Now we understand the inner workings of the Naive Bayes algorithm, let's compare our results to [scikit-learn's Naive Bayes](https://scikit-learn.org/stable/modules/naive_bayes.html) implementation. Use the [GaussianNB](https://scikit-learn.org/stable/modules/naive_bayes.html#gaussian-naive-bayes) to train using the `df_melb`dataframe and test using the `df_test` dataframe. Remember to split `df_melb` into a `df_X` with the numerical attributes, and a `s_y` with the target column.
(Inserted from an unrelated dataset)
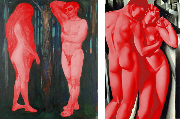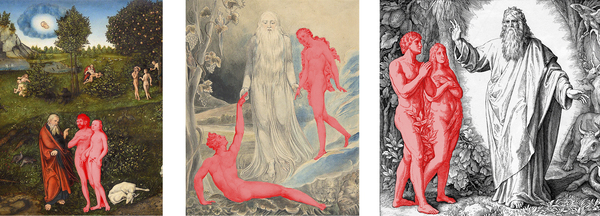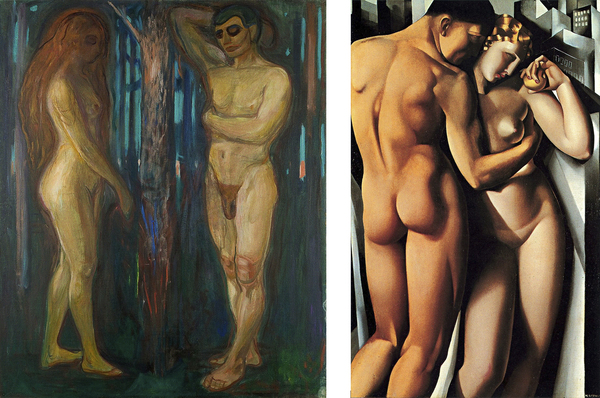 [2] Адам и Ева — Эдвард Мунк, 1918; [2] Адам и Ева — Татьяна де Лемпицка, 1932; [3] Адам и Ева скрываются от лица Господа

On the `df_melb` frame you will have to fill the empty attributes via imputation since the scikit-learn library can not handle missing values.  Use the same method you used in the last homework (filling the training data with the mean of the non-nan values). 

Answer the following in a markdown cell: do you think imputation hurt or helped the classifier?

In [16]:
# fill in df_melb missing values with HW6 imputation
# ... since scikit-learn cannot handle missing values

# Imputation training: create and populate dict
dict_imputation = dict()
for col in list(df_melb.columns):
    if col == 'Type':
        continue
    else:
        dict_imputation[col] = df_melb[col].mean()
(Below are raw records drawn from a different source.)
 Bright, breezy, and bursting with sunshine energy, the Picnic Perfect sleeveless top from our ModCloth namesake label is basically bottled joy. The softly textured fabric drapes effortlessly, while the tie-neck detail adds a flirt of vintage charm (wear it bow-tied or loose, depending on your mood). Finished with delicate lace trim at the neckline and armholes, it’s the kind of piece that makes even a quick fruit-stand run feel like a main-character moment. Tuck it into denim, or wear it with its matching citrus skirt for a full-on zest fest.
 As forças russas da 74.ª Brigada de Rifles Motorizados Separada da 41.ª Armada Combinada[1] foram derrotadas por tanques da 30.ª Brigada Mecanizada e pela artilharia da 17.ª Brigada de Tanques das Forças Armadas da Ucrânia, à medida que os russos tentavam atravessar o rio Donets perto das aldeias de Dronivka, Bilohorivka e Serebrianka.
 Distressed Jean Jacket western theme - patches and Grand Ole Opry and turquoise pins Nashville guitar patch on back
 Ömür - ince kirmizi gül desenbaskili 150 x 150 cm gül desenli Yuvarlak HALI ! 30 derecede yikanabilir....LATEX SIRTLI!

    # in same loop, fill in NaN with calculated mean (using .fillna() )
    df_melb = df_melb.fillna({col:dict_imputation[col]})


In [17]:
# Seperate the attributes from the target_col
# split df_melb (TRAIN) into df_X and s_y. this is already done for test (X_test, y_test)
s_y = df_melb[target_col]
df_X = df_melb.drop(columns=[target_col])
    
# Imputation - now apply it on the test data (called X_test)
# we use the means from the TRAIN data for the test imputation, avoiding data spillage
for col in list(X_test.columns):
    X_test = X_test.fillna({col:dict_imputation[col]})

In [18]:
gnb = GaussianNB()
y_pred = gnb.fit(df_X, s_y).predict(X_test) # fit w train, predict X_test

In [19]:
acc = (y_test != y_pred).sum()/X_test.shape[0]
print('Accuracy is {:.2f}%'.format(acc*100))

Accuracy is 55.00%


## Imputation changed the accuracy to 55% from an original 48%. This 7% is significant when dealing with a large amount of individual residental structures (in the df_Melb case), in which case lack of imputation could result in hundreds of misclassifications. Therefore, I would say that it helped rather than hurt.